PROBLEM —
Leaving the pictures aside, return all of the data below exactly.

DATA BLOCK —
>>>>>
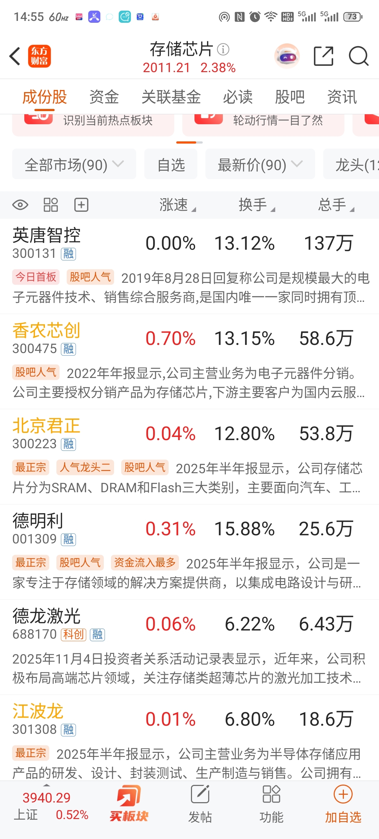 这换手率再配上这涨幅,也怪不得每次操作你都被你弄得哭笑不得。。。存储高位股里最会
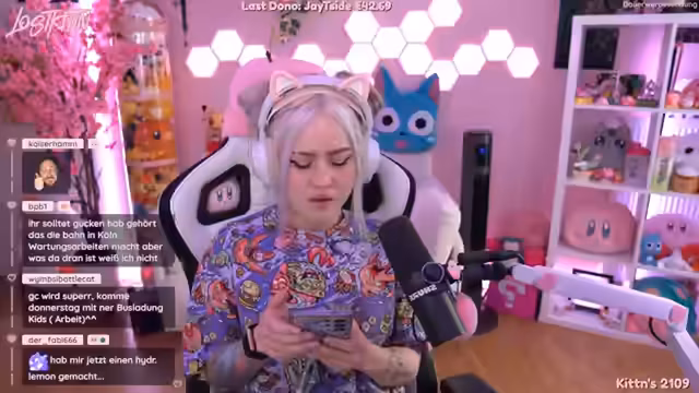 02:34:57Der Stream wird unterbrochen, als die Streamerin ihre Wäsche waschen muss, während ihre Katze Happy ihr ständig in die Aktionen hineinplatzt. Die Katze ist ein ständiger und amüsanter Begleiter, schläft sogar in den Kleidungsstücken und sorgt für zwangsläufige Unterbrechungen. Die Streamerin spricht über die anstehende Reise und verspricht ihren Katzen Hippie und Bubbles, sie nach ihrer Rückkehr in den Armen zu halten. Der Fokus auf die Haustiere zeigt die familiäre und unkomplizierte Atmosphäre des Streams und die Verbundenheit der Streamerin mit ihren Tieren.
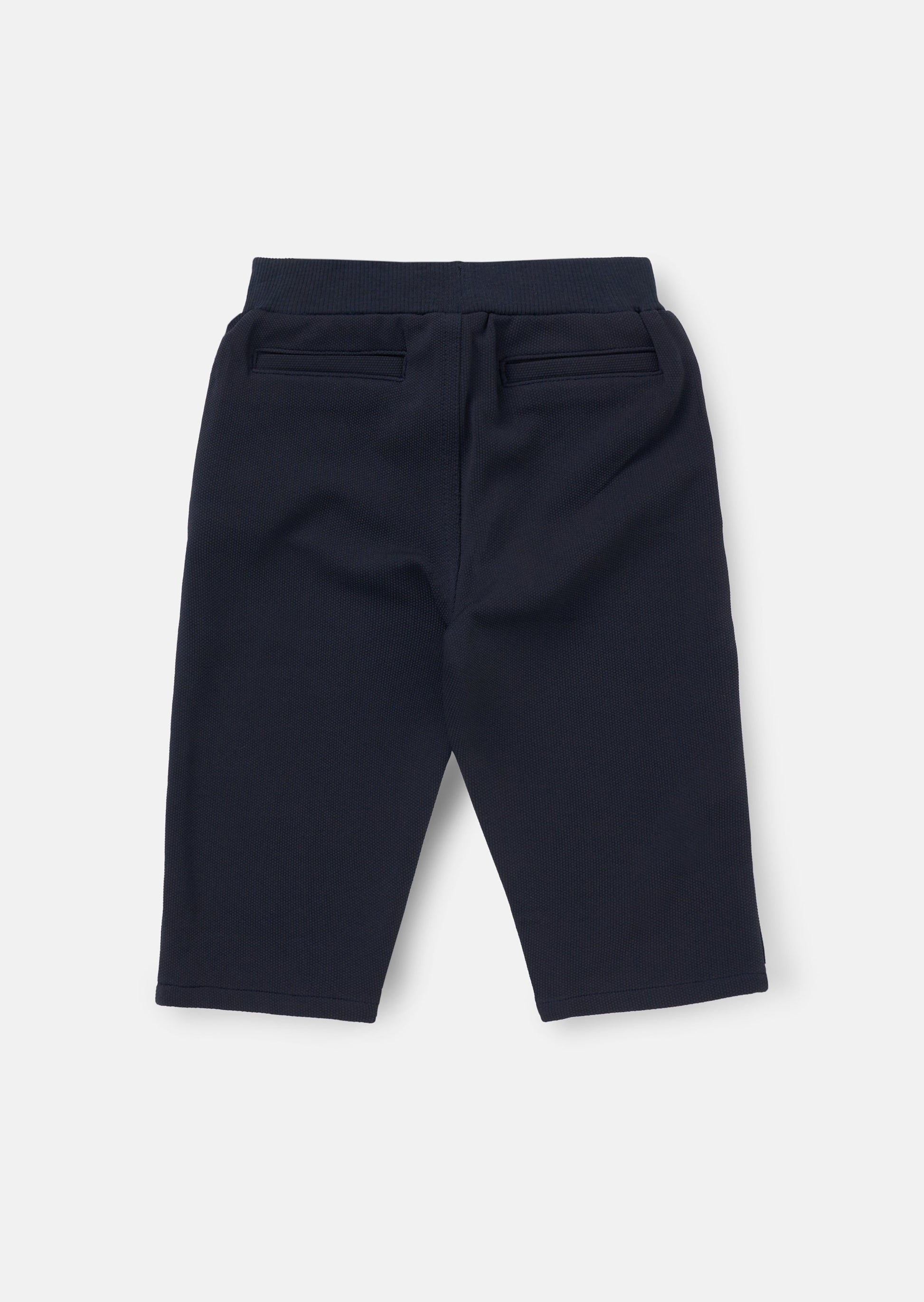 These soft navy textured trousers are perfect for everyday wear. With cargo pockets, an elasticated waist and cuffs, and a contrast drawcord, they offer comfort and style for all your little one’s adventures.
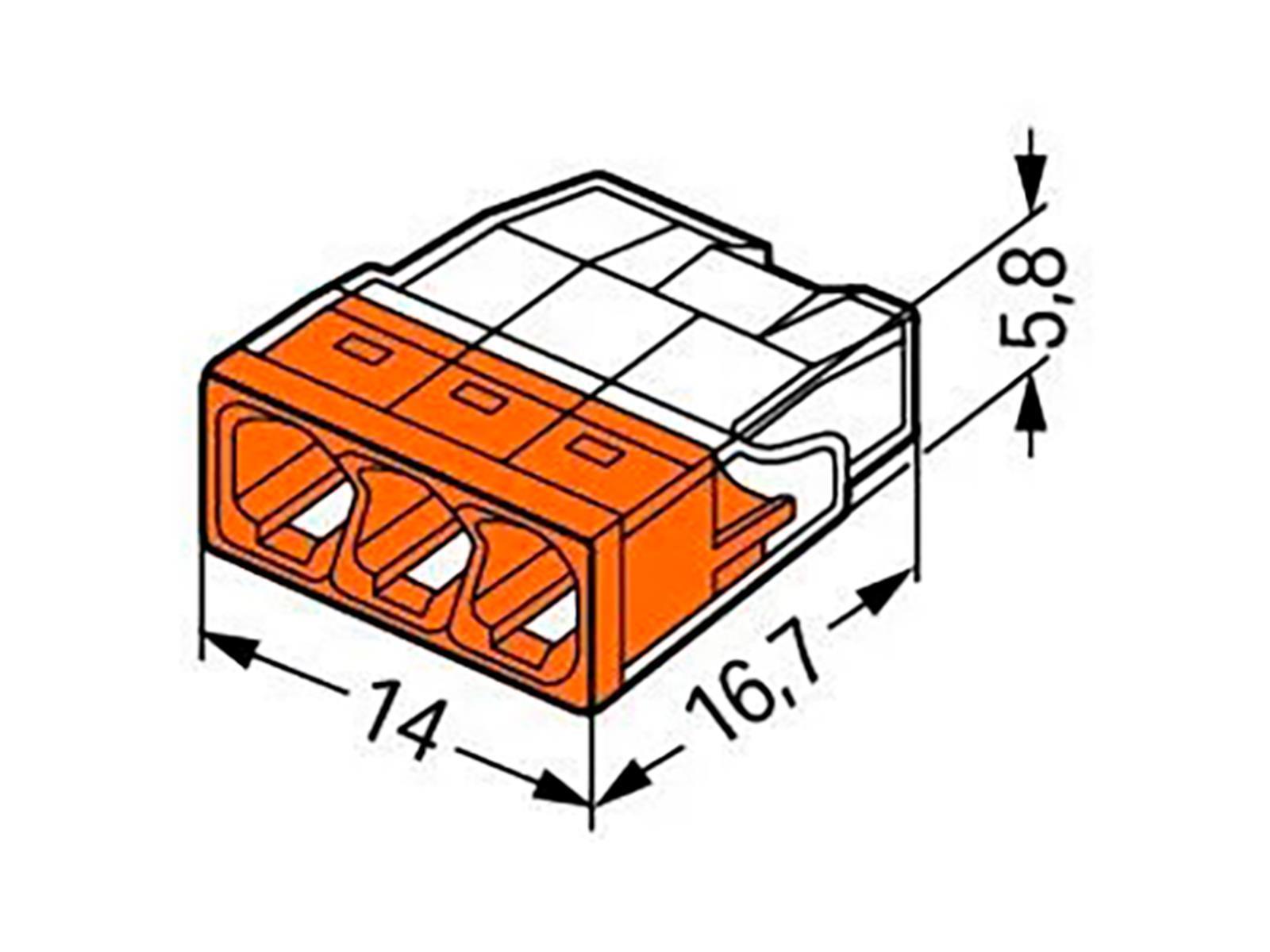 • WAGO Art.-Nr. 2273-203 • bis zu 8 eindrähtige Leiter steckbar • Querschnittsbereich: 0,5mm²-2,5mm² • Bemessungsspannung: 450V • Bemessungsstrom: 24A • Anschließbare Leitwerkstoffe: Kupfer, Aluminium • Farbe: transparent • Deckelfarbe: orange
<<<<<
REPLY TO THE TASK —
 这换手率再配上这涨幅,也怪不得每次操作你都被你弄得哭笑不得。。。存储高位股里最会
 02:34:57Der Stream wird unterbrochen, als die Streamerin ihre Wäsche waschen muss, während ihre Katze Happy ihr ständig in die Aktionen hineinplatzt. Die Katze ist ein ständiger und amüsanter Begleiter, schläft sogar in den Kleidungsstücken und sorgt für zwangsläufige Unterbrechungen. Die Streamerin spricht über die anstehende Reise und verspricht ihren Katzen Hippie und Bubbles, sie nach ihrer Rückkehr in den Armen zu halten. Der Fokus auf die Haustiere zeigt die familiäre und unkomplizierte Atmosphäre des Streams und die Verbundenheit der Streamerin mit ihren Tieren.
 These soft navy textured trousers are perfect for everyday wear. With cargo pockets, an elasticated waist and cuffs, and a contrast drawcord, they offer comfort and style for all your little one’s adventures.
 • WAGO Art.-Nr. 2273-203 • bis zu 8 eindrähtige Leiter steckbar • Querschnittsbereich: 0,5mm²-2,5mm² • Bemessungsspannung: 450V • Bemessungsstrom: 24A • Anschließbare Leitwerkstoffe: Kupfer, Aluminium • Farbe: transparent • Deckelfarbe: orange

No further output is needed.